Give back, unaltered, the lines from the one with "Für den Bau" to the end of the material, omitting pictures.

▶ _Dataset excerpt_
════

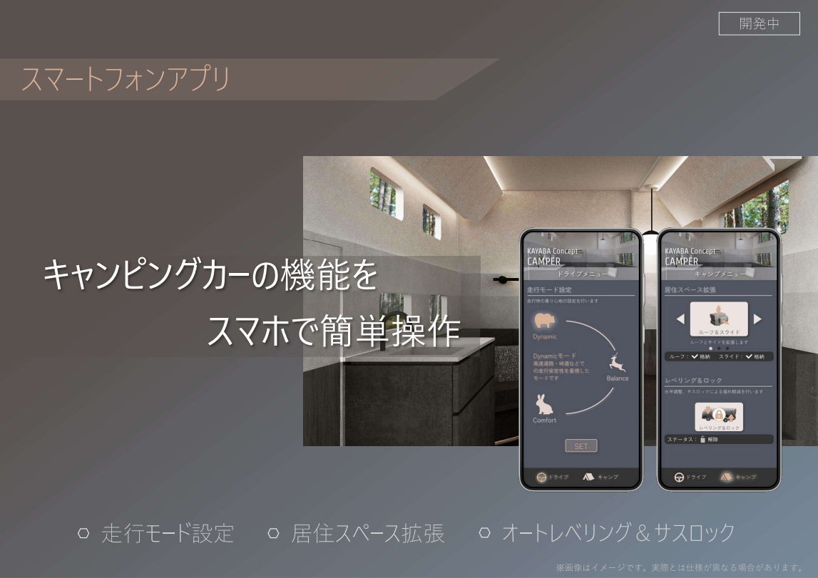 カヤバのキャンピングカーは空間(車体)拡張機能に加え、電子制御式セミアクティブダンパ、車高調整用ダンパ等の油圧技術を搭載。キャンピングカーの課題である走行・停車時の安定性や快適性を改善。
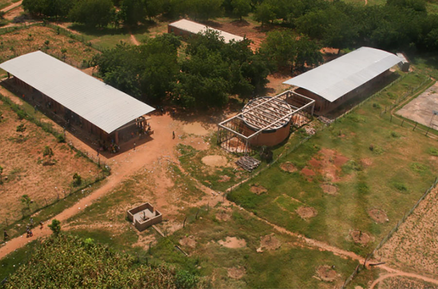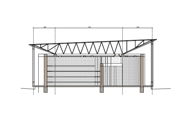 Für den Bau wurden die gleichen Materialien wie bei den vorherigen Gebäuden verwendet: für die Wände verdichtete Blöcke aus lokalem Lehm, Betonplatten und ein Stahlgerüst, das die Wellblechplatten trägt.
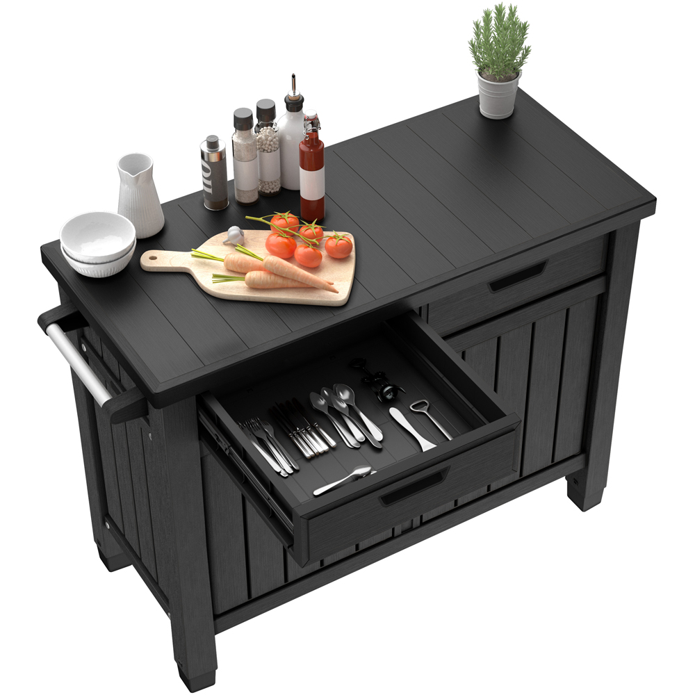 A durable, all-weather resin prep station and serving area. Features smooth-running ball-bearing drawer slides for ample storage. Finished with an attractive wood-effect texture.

════

▶ _Response area_
 Für den Bau wurden die gleichen Materialien wie bei den vorherigen Gebäuden verwendet: für die Wände verdichtete Blöcke aus lokalem Lehm, Betonplatten und ein Stahlgerüst, das die Wellblechplatten trägt.
 A durable, all-weather resin prep station and serving area. Features smooth-running ball-bearing drawer slides for ample storage. Finished with an attractive wood-effect texture.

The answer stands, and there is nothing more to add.